The network, operated by USGS and NPS, began automatically transmitting temperature measurements from geysers and hot springs in the Norris Geyser Basin last August. The data are saved in the loggers each day, and are also transmitted once a day via small radios and the Internet to USGS. During periods of unusual hydrothermal behavior, researchers can request that data be relayed in real time as well.

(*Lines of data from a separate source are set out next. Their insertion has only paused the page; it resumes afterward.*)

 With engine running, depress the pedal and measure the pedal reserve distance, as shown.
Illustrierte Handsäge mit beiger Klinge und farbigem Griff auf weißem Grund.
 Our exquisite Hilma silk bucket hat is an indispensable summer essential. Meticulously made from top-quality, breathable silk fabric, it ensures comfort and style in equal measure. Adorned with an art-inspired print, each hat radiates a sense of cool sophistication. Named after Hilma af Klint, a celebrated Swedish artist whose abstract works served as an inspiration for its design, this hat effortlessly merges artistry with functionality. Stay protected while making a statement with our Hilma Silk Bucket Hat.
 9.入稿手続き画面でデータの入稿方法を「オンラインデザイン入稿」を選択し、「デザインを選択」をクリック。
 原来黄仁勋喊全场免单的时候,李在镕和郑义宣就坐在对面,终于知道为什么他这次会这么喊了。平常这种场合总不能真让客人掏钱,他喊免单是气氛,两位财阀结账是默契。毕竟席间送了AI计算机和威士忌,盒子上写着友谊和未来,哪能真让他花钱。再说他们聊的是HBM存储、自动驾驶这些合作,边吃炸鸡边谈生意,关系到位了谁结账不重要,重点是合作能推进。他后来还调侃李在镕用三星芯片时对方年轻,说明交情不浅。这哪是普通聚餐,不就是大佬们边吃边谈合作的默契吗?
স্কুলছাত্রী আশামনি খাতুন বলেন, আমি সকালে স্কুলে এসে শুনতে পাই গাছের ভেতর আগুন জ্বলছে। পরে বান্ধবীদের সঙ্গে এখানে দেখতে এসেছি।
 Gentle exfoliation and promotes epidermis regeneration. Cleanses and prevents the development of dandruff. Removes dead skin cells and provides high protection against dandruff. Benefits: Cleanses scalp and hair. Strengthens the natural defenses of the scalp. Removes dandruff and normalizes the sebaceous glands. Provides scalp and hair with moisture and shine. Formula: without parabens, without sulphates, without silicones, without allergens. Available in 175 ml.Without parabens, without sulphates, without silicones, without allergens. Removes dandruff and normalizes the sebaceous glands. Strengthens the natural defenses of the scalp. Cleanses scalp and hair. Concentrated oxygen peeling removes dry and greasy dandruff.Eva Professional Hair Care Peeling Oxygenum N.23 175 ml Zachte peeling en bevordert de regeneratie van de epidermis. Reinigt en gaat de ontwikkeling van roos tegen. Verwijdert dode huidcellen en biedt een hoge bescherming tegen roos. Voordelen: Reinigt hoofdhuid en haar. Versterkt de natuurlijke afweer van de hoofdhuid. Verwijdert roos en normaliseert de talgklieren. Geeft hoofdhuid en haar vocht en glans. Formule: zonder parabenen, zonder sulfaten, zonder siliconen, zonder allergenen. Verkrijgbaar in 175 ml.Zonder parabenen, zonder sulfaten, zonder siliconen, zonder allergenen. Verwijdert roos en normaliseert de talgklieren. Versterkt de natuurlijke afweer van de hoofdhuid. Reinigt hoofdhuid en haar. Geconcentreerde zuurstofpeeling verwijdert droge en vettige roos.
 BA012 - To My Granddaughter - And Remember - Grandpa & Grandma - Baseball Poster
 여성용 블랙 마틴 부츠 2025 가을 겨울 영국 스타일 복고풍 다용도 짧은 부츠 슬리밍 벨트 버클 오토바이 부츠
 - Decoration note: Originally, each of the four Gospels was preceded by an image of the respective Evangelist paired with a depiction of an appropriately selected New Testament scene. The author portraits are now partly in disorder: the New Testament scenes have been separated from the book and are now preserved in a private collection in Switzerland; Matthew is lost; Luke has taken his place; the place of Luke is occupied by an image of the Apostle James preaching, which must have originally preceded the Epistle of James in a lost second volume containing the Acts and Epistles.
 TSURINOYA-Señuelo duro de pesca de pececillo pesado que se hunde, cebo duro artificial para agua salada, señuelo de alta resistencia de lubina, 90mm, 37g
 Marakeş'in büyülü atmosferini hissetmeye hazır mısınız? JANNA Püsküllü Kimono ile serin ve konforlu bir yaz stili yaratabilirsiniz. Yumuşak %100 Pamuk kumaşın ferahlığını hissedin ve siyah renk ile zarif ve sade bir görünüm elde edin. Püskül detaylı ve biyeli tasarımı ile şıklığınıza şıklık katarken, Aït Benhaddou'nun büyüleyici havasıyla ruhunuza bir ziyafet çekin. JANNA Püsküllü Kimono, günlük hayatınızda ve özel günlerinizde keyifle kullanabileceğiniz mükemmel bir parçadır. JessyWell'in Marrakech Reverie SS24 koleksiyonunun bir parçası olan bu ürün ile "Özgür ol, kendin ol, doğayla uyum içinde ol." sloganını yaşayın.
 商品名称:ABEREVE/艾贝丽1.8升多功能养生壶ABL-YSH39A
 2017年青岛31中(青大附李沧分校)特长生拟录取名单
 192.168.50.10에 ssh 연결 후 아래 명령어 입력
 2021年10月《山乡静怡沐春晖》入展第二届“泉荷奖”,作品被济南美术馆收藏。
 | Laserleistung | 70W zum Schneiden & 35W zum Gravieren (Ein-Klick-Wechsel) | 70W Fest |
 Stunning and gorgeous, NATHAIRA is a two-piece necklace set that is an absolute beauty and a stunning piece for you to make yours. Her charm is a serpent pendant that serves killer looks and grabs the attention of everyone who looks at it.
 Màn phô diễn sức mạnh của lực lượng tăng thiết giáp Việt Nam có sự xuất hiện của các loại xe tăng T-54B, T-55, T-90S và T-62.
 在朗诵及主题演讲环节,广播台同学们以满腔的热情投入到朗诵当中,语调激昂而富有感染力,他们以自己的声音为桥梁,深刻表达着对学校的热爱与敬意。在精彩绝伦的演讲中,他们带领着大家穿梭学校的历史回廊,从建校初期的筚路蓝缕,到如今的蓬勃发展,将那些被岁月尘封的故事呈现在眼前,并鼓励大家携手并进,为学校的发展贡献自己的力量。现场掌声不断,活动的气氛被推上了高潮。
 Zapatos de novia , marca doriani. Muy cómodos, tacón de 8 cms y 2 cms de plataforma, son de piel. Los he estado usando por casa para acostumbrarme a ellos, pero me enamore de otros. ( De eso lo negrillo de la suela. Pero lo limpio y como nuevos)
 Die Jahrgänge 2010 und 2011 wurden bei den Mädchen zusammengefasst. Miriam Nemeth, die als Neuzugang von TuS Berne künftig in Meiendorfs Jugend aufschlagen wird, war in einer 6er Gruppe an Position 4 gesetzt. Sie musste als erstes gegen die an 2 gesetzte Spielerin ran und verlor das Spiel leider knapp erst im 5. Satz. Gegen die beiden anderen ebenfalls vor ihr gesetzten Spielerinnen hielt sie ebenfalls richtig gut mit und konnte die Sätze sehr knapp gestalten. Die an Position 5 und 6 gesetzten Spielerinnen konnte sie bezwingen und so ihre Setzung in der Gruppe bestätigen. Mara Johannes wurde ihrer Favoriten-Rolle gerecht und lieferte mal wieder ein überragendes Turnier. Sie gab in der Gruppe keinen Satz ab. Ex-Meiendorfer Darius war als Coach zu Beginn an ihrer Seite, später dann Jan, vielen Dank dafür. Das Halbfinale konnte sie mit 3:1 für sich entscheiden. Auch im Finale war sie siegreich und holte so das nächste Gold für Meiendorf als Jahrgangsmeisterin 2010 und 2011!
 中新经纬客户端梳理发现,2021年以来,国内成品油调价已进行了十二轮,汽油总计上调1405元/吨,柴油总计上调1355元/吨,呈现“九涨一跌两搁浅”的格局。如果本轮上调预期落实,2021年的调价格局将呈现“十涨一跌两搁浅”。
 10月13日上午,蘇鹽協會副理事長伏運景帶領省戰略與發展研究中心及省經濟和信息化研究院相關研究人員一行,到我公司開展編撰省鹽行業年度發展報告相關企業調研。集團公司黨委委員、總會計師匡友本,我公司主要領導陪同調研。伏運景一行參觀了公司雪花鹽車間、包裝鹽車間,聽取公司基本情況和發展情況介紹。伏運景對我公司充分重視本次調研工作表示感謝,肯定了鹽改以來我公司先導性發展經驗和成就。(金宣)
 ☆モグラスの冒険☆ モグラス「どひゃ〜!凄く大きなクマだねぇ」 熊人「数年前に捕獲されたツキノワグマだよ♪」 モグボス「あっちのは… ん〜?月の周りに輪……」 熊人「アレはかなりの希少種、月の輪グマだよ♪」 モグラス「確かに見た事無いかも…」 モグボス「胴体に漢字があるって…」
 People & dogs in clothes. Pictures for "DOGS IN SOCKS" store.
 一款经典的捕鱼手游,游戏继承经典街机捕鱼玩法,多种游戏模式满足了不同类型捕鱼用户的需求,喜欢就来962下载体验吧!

Once USGS has the daily data dump, the data are archived, plotted and distributed to the public on the YVO website. Each day, we then upload and distribute online temperature variations at each logger over 24-hour, seven-day and one-month periods to show changes at each location over time.

The daily temperature data, revealing the recurring activity beneath Yellowstone, resemble a heartbeat readout for the park. Occasionally, there are murmurs: For example, we can see within the data the effects of precipitation from rain and snowmelt as the cold water flows through runoff channels across the geyser basin and then returns to a normal, hotter temperature.

Over the next few years, the information from this network will help us track temperature changes in local streams that might correlate with seismic tremors, and help park officials keep an eye on thermal features for educational and safety purposes. We look forward to learning more as we watch this active system, and explore the hydrological, meteorological and thermal processes at Yellowstone.